15. Coming to the observations of the Tribunal, in the impugned order, the Tribunal has referred to the decision of the Delhi High Court containing observations that the CIT(A) had examined the bank account of these companies from where the cheques in question were issued and had found that numerous transactions of deposits and withdrawals were made. The companies were not found at the given addresses when AO issued the summons still addition was deleted and an observation was made that it could not be said in the circumstances that the companies were non-existent.

16. The case relied upon by the Tribunal was materially different and distinguishable from the case in hand. In the said case the CIT(A) had deleted the addition, while in the present case, the CIT(A) has maintained the addition. Without considering that the payments were made by each creditors by first depositing a sum of Rs. 5,00,000 and then issuing a cheque for the purchase of the shares and that the companies were not found to be in existence, the Tribunal has hastened to come to the conclusion that addition was not justified. In coming to this conclusion, the Tribunal has observed that since AO had himself examined the bank accounts of three subscribing companies and found that there were numerous transactions, the genuineness of the transaction could not have been assailed.

17. As observed hereinabove, Section 68 of the Companies (sic - IT) Act enjoined the assessee to offer an explanation about the nature and source of the sum found credited in his books and if the explanation was not satisfactory, the amount can be credited and charged to income-tax as income of the assessee. Since the assessee, though tried to explain the genuineness of the credit on the basis of letters of confirmation, it could not be explained as to how the transaction was materialised when the companies were not in existence and the amount was paid by cheque only on the date on which the amount was credited to the account of the company.
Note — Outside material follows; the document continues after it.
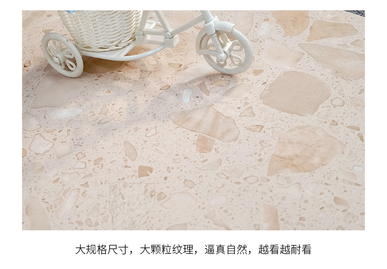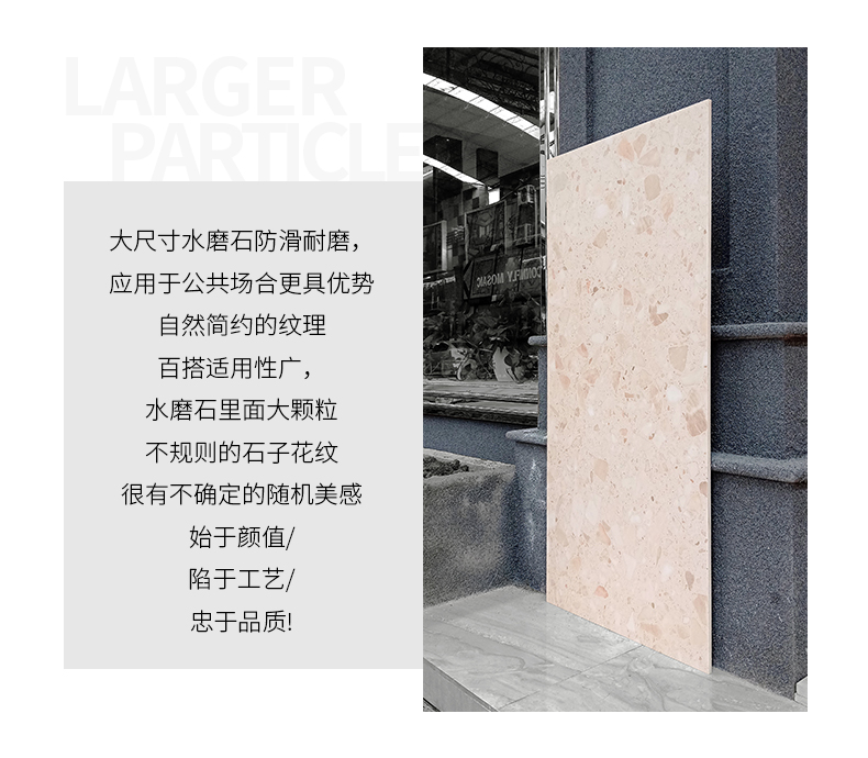 大尺寸水磨石防滑耐磨,應用于公共場合更具優勢,自然簡約的紋理,百搭適用性廣,水磨石里面大顆粒,不規則的石子花紋,很有不確定的隨機美感。始于顏值/陷于工藝/忠于品質!

It was for the assessee to discharge this burden. We, therefore, find that insofar as the question No. (2) is concerned, the assessee failed to discharge the burden with regard to the credit in its books and the existence of the creditors to indicate the genuineness of the transaction. In view of this answer to question No. (2), it is not necessary to answer the question No. (1).

18. The appeal is accordingly allowed with no order as to costs. The order of the Tribunal is set aside.